Somalie : l'ONU appelle à assister le pays frappé par la violence et la sécheresse

Somalie : l'ONU appelle à assister le pays frappé par la violence et la sécheresse

Un soldat de la paix de l'Union africaine surveillant un quartier de Mogadiscio.
Malgré les progrès accomplis par le Gouvernement fédéral de transition somalien, le pays a besoin « de toute urgence d'une aide supplémentaire de ses partenaires internationaux », déclare le Secrétaire général de l'ONU, Ban Ki-moon, dans son dernier rapport sur la Somalie, en proie à la violence et à une sécheresse sans précédent.

La Somalie est « confrontée à un niveau de violence, à des aléas climatiques et à une insécurité qui ébranleraient jusqu'aux pays les plus stables », écrit Ban Ki-moon dans ce rapport publié mercredi.

« La Mission de l'Union africaine en Somalie (AMISOM) et le Gouvernement fédéral de transition ont obtenu quelques bons résultats mais ils ont besoin d'appuis renforcés. La communauté internationale doit tenir sa part d'engagements. Le Gouvernement de transition a besoin de toute urgence d'une assistance pour stabiliser, relever et reconstruire Mogadiscio », ajoute-t-il.

« Si nous accentuons les gains militaires, apportons une aide humanitaire et obtenons des progrès politiques, nous pouvons mettre la Somalie sur la voie de la stabilité et de la paix. Si nous échouons dans cette tâche, nous risquons de nous retrouver face à une crise humanitaire de plus en plus dramatique, à des conditions de sécurité dégradées et à une aggravation des menaces contre la paix et la stabilité régionales », prévient le Chef de l'ONU.

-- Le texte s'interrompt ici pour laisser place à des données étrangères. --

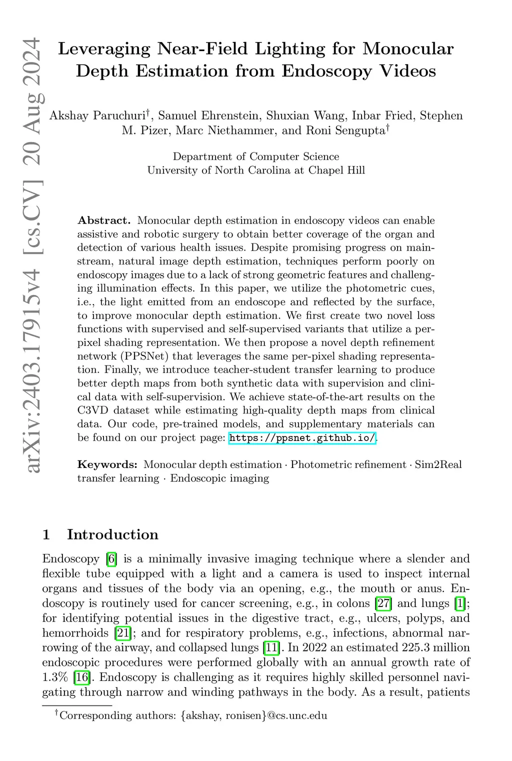 Monocular depth estimation in endoscopy videos can enable assistive and robotic surgery to obtain better coverage of the organ and detection of various health issues. Despite promising progress on mainstream, natural image depth estimation, techniques perform poorly on endoscopy images due to a lack of strong geometric features and challenging illumination effects. In this paper, we utilize the photometric cues, i.e., the light emitted from an endoscope and reflected by the surface, to improve monocular depth estimation. We first create two novel loss functions with supervised and self-supervised variants that utilize a per-pixel shading representation. We then propose a novel depth refinement network (PPSNet) that leverages the same per-pixel shading representation. Finally, we introduce teacher-student transfer learning to produce better depth maps from both synthetic data with supervision and clinical data with self-supervision. We achieve state-of-the-art results on the C3VD dataset while estimating high-quality depth maps from clinical data. Our code, pre-trained models, and supplementary materials can be found on our project page: https://ppsnet.github.io/

Il plaide aussi pour l'accélération du déploiement de contingents supplémentaires destinés à renforcer l'AMISOM. Avec une mission plus forte, Ban Ki-moon estime que le Gouvernement fédéral de transition pourra gagner des territoires, en conserver le contrôle et commencer à mettre en place des services publics pour les Somaliens.

« De trop nombreux civils ont été pris dans des échanges de tirs, car la plupart des combats ont eu lieu dans des centres urbains. J'appelle toutes les parties à assurer la protection des civils, à respecter les principes humanitaires et à garantir l'accès sans restriction aux personnes ayant besoin d'aide. Je condamne les agissements des milices Al-Shabaab, qui utilisent délibérément des civils comme boucliers humains et lancent des attaques depuis des zones habitées », indique le Secrétaire général ajoutant que l'AMISOM devrait disposer des ressources nécessaires pour augmenter ses capacités.

Sur le plan politique, Ban Ki-moon déplore les querelles actuelles au sein des institutions fédérales de transition sur l'extension de la période de transition. Il estime que cette prorogation du statut de transition retarderait encore la mise en place « des services de base, du relèvement et de la reconstruction » du pays.

Le Chef de l'ONU appelle les institutions fédérales de transition « à œuvrer de concert pour lancer un processus propre à encourager la réconciliation nationale et qui soit crédible, consensuel et accepté par la majorité des Somaliens ».

Enfin, le Secrétaire général rappelle que la sécheresse qui frappe la Somalie est « préoccupante ». « La poursuite des hostilités ne fait qu'aggraver la situation. Les habitants n'ont souvent d'autre choix que de quitter leur ville ou leur village pour échapper à la famine et à la mort. L'appel humanitaire de cette année pour la Somalie demande 529 millions de dollars pour répondre aux besoins urgents. En avril 2011, un quart seulement de cette somme avait été réuni », explique Ban Ki-moon.